• **Given entries**:
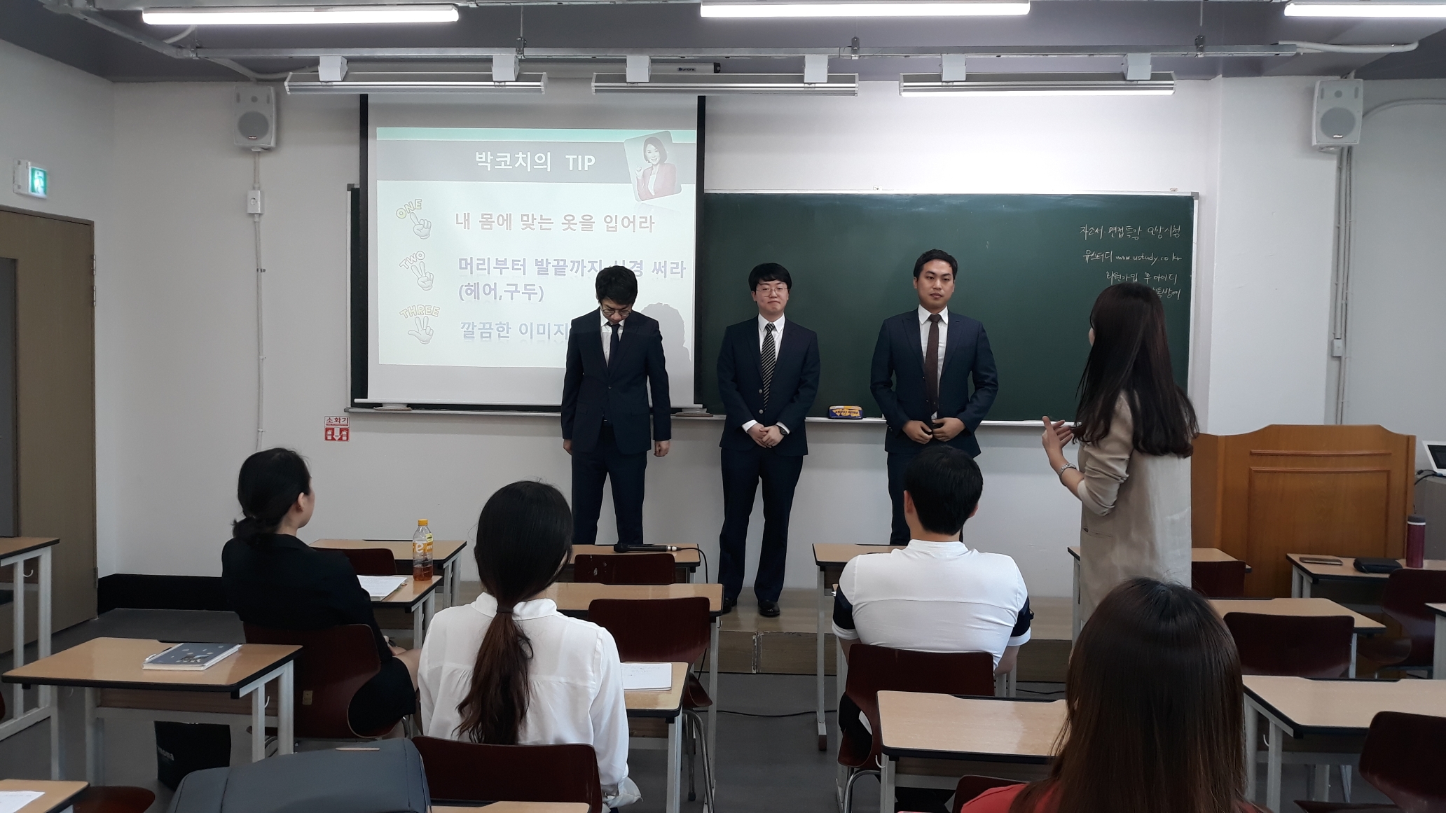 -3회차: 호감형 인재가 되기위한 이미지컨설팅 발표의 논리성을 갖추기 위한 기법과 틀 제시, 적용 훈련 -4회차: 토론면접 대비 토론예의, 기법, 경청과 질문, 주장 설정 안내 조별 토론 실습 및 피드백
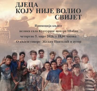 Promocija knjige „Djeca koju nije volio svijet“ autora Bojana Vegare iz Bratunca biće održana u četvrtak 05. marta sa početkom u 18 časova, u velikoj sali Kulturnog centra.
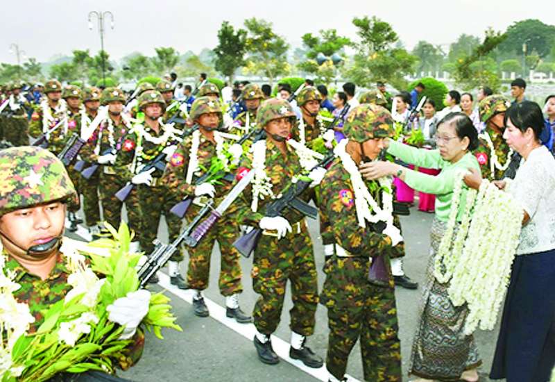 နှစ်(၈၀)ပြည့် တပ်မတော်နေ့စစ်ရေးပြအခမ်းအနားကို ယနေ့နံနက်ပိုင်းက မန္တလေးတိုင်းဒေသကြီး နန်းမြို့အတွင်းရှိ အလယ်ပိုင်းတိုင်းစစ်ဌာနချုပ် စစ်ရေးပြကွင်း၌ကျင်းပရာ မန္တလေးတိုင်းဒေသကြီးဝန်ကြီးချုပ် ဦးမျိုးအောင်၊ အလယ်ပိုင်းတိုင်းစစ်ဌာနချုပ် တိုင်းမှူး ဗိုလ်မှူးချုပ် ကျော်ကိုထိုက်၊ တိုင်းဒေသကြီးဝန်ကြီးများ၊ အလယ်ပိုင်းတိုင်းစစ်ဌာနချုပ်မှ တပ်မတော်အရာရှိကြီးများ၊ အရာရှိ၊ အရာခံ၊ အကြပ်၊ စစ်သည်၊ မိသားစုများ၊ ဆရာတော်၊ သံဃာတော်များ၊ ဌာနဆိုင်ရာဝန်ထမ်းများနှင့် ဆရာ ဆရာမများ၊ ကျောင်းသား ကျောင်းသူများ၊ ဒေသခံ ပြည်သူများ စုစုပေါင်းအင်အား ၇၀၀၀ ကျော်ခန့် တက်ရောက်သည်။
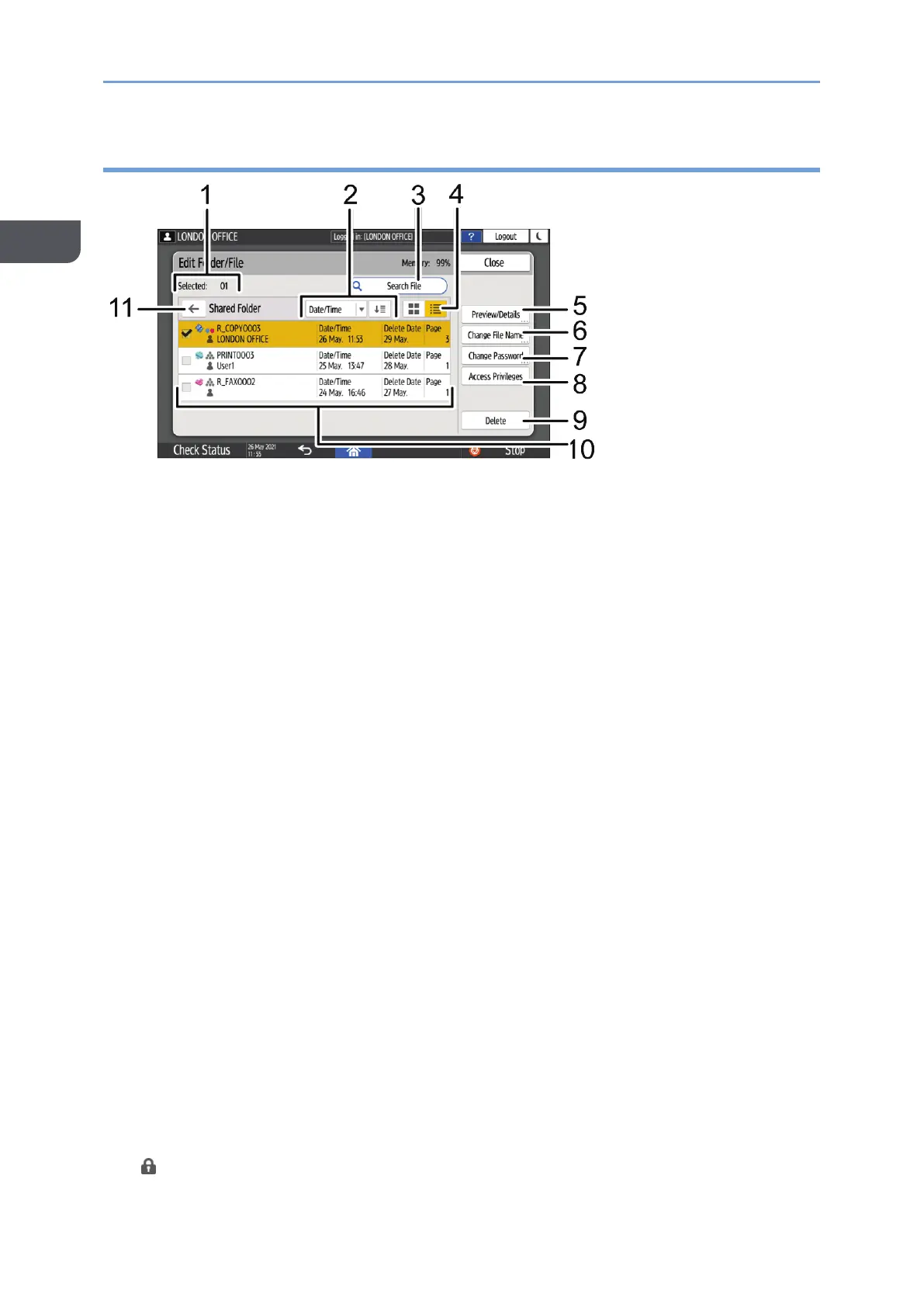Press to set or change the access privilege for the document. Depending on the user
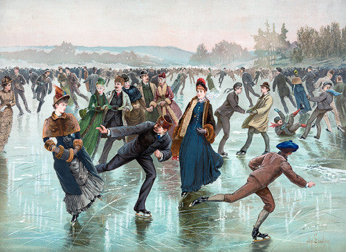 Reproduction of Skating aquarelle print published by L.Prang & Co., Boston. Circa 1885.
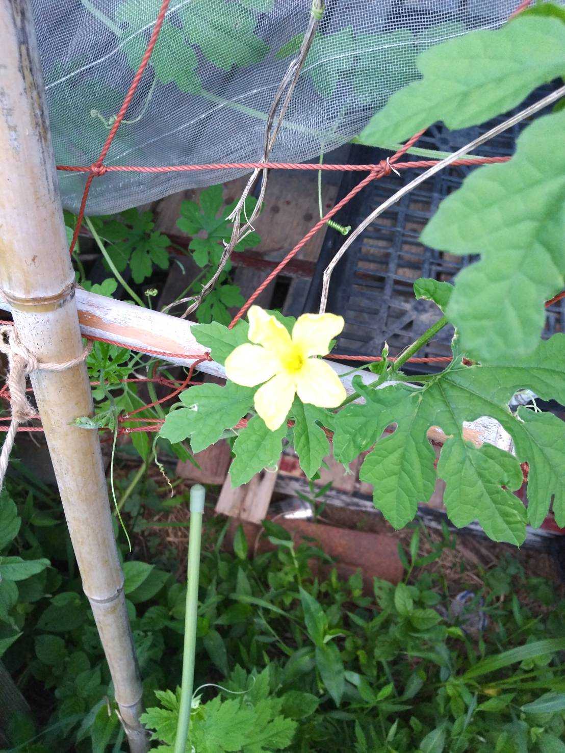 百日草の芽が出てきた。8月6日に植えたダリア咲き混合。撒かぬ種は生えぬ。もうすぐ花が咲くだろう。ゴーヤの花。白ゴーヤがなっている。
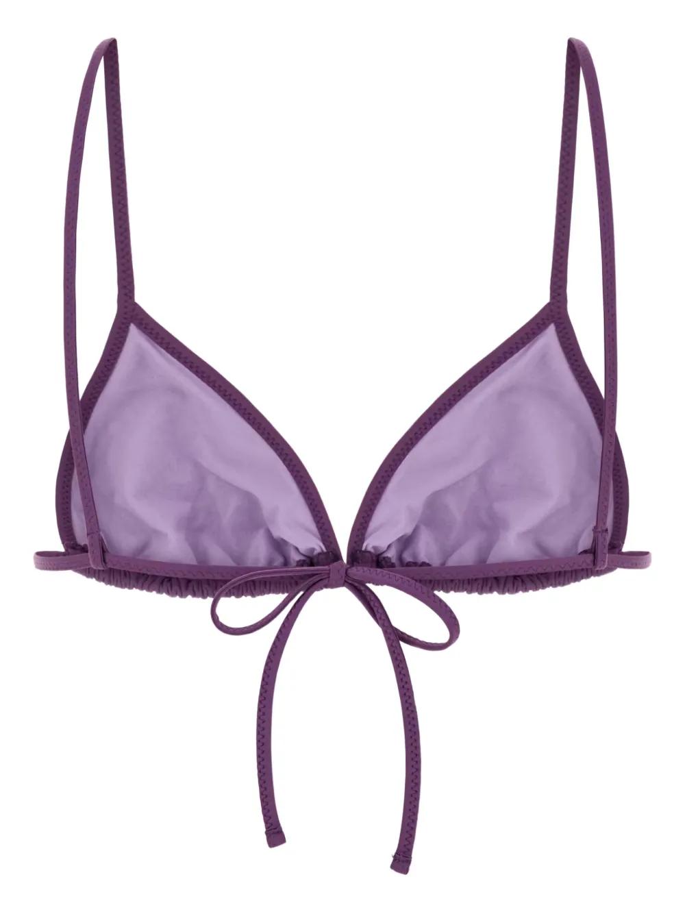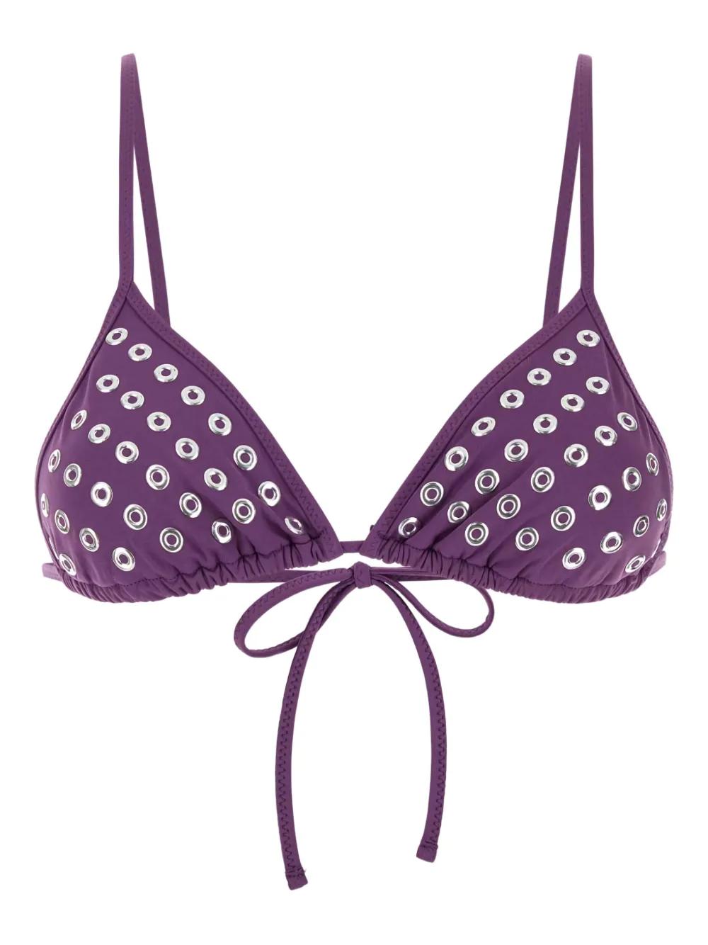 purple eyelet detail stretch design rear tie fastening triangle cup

• **What you need to do**:
From the top of the listing above, repeat each line exactly until you reach the line containing "Promocija knjige „Djeca", and repeat that one too. Leave the pictures out.

• **Task solution**:
 -3회차: 호감형 인재가 되기위한 이미지컨설팅 발표의 논리성을 갖추기 위한 기법과 틀 제시, 적용 훈련 -4회차: 토론면접 대비 토론예의, 기법, 경청과 질문, 주장 설정 안내 조별 토론 실습 및 피드백
 Promocija knjige „Djeca koju nije volio svijet“ autora Bojana Vegare iz Bratunca biće održana u četvrtak 05. marta sa početkom u 18 časova, u velikoj sali Kulturnog centra.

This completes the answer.